Book Review: Vintage Church

Not so long ago I also reviewed Mark Driscoll's Vintage Church for Christianity Magazine.

"What is the church? If you repeat the historic belief in 'one holy catholic Church' what is it exactly that you are affirming? Mark Driscoll believes that not enough people, leaders included, know how to answer that question well. 

Driscoll was baptised and brought up in the Roman Catholic church before coming to faith in Christ as a teenager. While in his mid-twenties he planted Mars Hill Church Seattle, now one of the largest and fastest growing in America, and he has become one of the leading voices in what has become known as the 'new Calvinism.' His earthy, blunt approach to preaching and leadership, frank talking about sex, calls for men to be men and his willingness to wade mouth first into controversy have gained him followers and critics in almost equal measure. 

In Vintage Church the authors argue that the substance of the church must remain orthodox faith while ensuring the style of church is relevant to the time and place the church is in. This position is clearly contrasted with liberal and emergent churches that have rewritten what the church believes or equally others that have failed to remain relevant to their culture.  

The opening chapter deals with 'what is a Christian?' and declares salvation to be 'by grace alone through faith alone in Christ alone' and the centrality of penal substitution is defended while at the same time other views of the cross are warmly affirmed. The heart of the book lies with his views on eight characteristics of a biblical church: regenerated church membership, qualified leadership, preaching and worship, rightly administered sacraments, spirit unity, holiness, the great commandment to love and the great commandment to evangelise and make disciples. Each chapter is written by Driscoll and is followed by short answers to common questions on the topic penned by co-author Gerry Breshears. 
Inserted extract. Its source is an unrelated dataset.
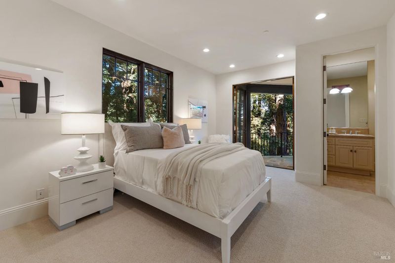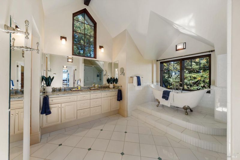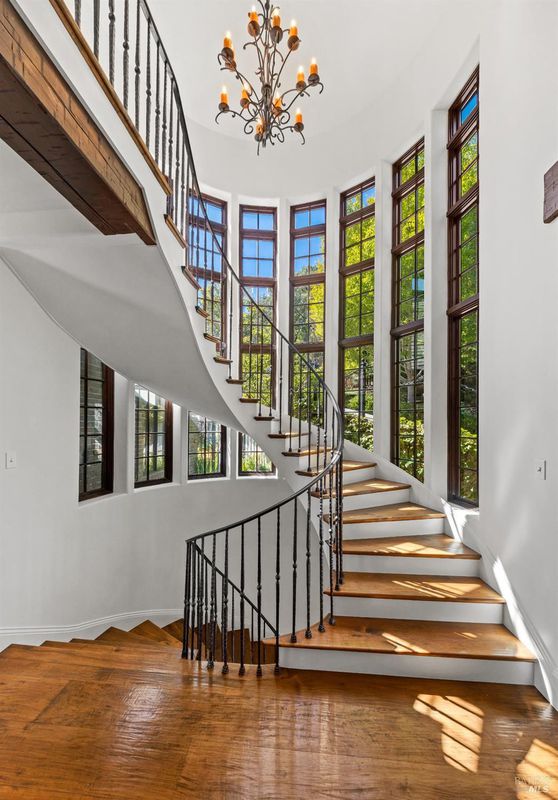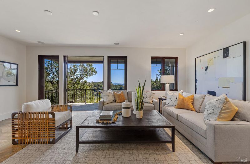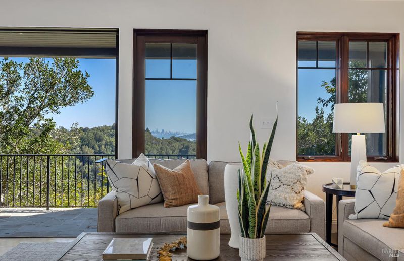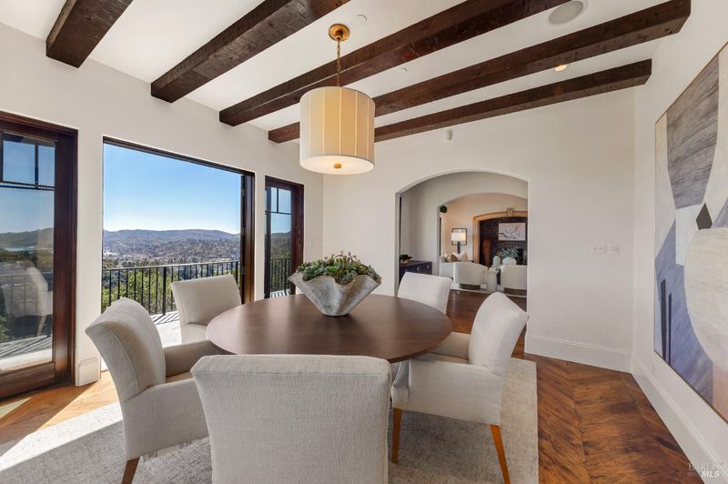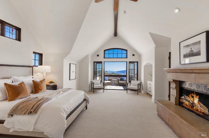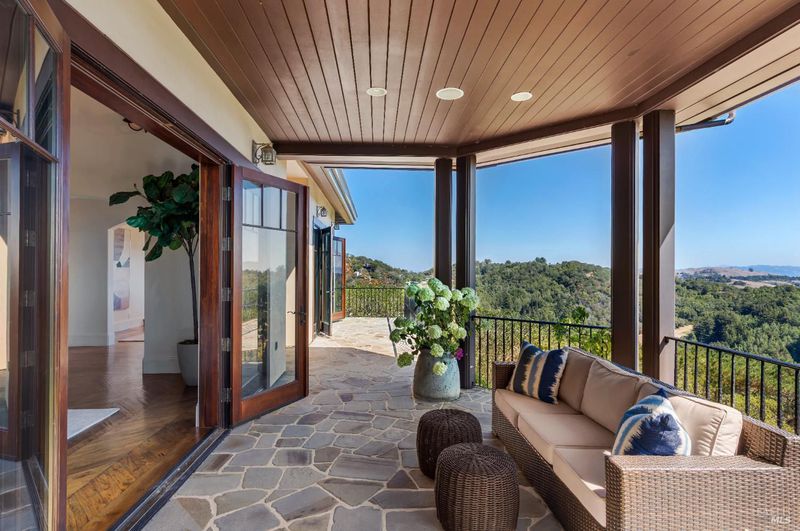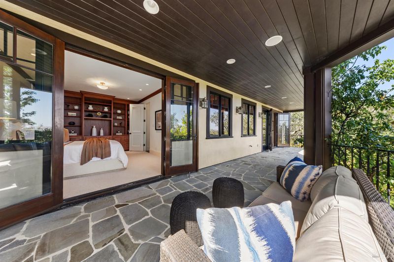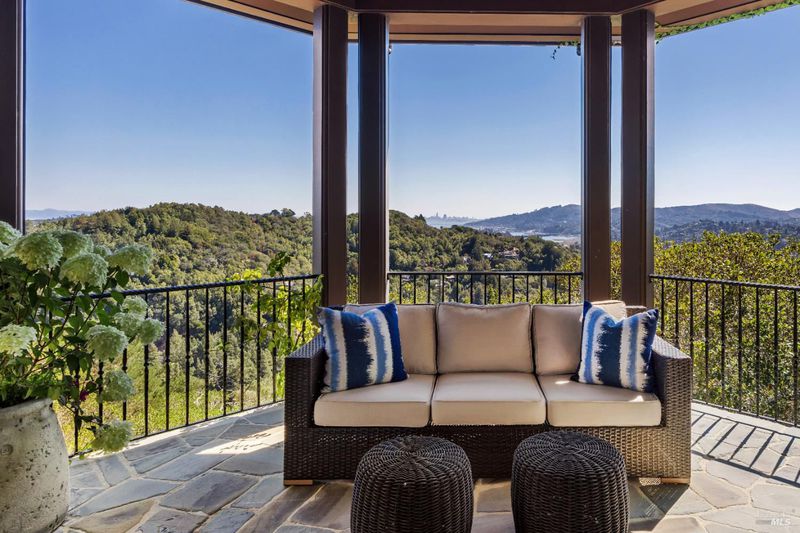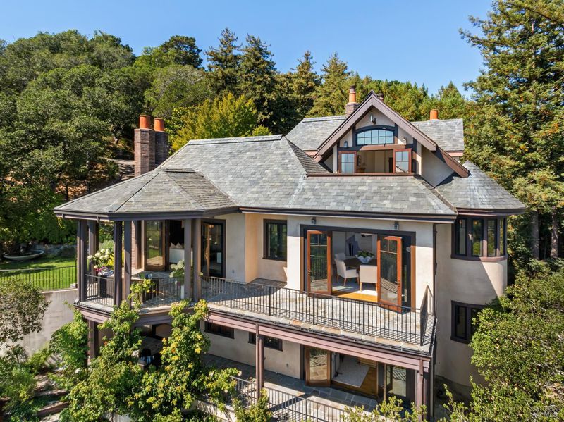 Extraordinary Mill Valley residence in a private gated enclave. This European inspired home is perfectly sighted with sweeping water, city, and open space views one mile from a vibrant downtown. Impressive interiors roll to outdoor living across multiple stone terraces surrounded by lush, mature growth. Expansive entry with soaring beamed ceilings opens to living, dining, and family rooms served by a luxurious chef's kitchen. The grand staircase leads to a dreamy primary suite upstairs, and generous ensuite bedrooms, a rich media social room & private office downstairs. The motor court fronts a large garage with studio residence above. Completed late 2003 as a build of unparallelled quality by Jim Kelly/Kelly Pacific and designed with no detail overlooked by Jessup Associates Architects. Slate roof, Venetian plaster walls, heated hand hewn herringbone wood floors, massive doors and figured hardwood cabinetry only start the list. Beyond the driveway, you're immediately on to Blithedale Ridge's extensive scenic hiking trails, or down a simple path to Mill Valley golf course, swim & tennis club and downtown. This gracious residence lives and entertains with impressive scale and pride of ownership, while maintaining a relative intimacy ideal for day to day living.

The 'timeless truths' that Driscoll defends include a men-only view of senior church leadership, believers baptism, the centrality of the sermon and preaching and a better understanding of church discipline. The 'timely methods' he advocates are a clearer view of what it means to be missional, a smarter use of technology, a strategic focus on cities, a generous approach to funding church plants, an investment in compassion ministries and a stronger understanding of how we can see our culture transformed by the gospel.

On the whole the book is much more open handed and generous to differing approaches to church than you might assume but every now and then this helpful approach is undermined by shots fired across the church barricades. For example in the chapter on church unity, the authors make a really helpful attempt to distinguish between issues to 'die for' (like the resurrection) and issues to 'divide for', debate for' or 'decide for.' Differences on gender roles may have been put in the 'divide for' category but in other places in the book it definitely feels as if it should have been in the 'die for' category.

My one other main complaint is that I thought the book should be called, 'Vintage Mars Hill: Time to follow our lead' because it is so clearly a manifesto that explains how and why they do church in the way they do. As a result the breadth and diversity of expressions of the global church narrows down to this one very particular expression of it. So if you want to do church and lead the way Mark Driscoll does it, then this is the book for you.

If you don't want your church to go down that route, there are still plenty of excellent reasons why you should read this book. There are helpful insights and into preaching, cultural transformation and multi-campus churches and mission. The chapters on church unity and church discipline effectively challenge a consumer approach to church that fails to take discipleship or personal holiness seriously while doing its best to safeguard against spiritual abuse which is not an easy line to get right. There is a pastoral heart to the book that desires people to be mature in Christ that is very much in evidence. Most helpfully every chapter has countless footnotes referencing sources and Scripture making it easy to check his working out as well as his answers.

The answers that Mark Driscoll articulates in Vintage Church clearly aren't going to be to everyone's liking, however he makes his case in a straight forward and forthright style aimed at equipping church leaders to think clearly, lead clearly and teach their people clearly about what a church is and what it means to be a part of one. That is a good goal and one that in many ways this book may well succeed in achieving."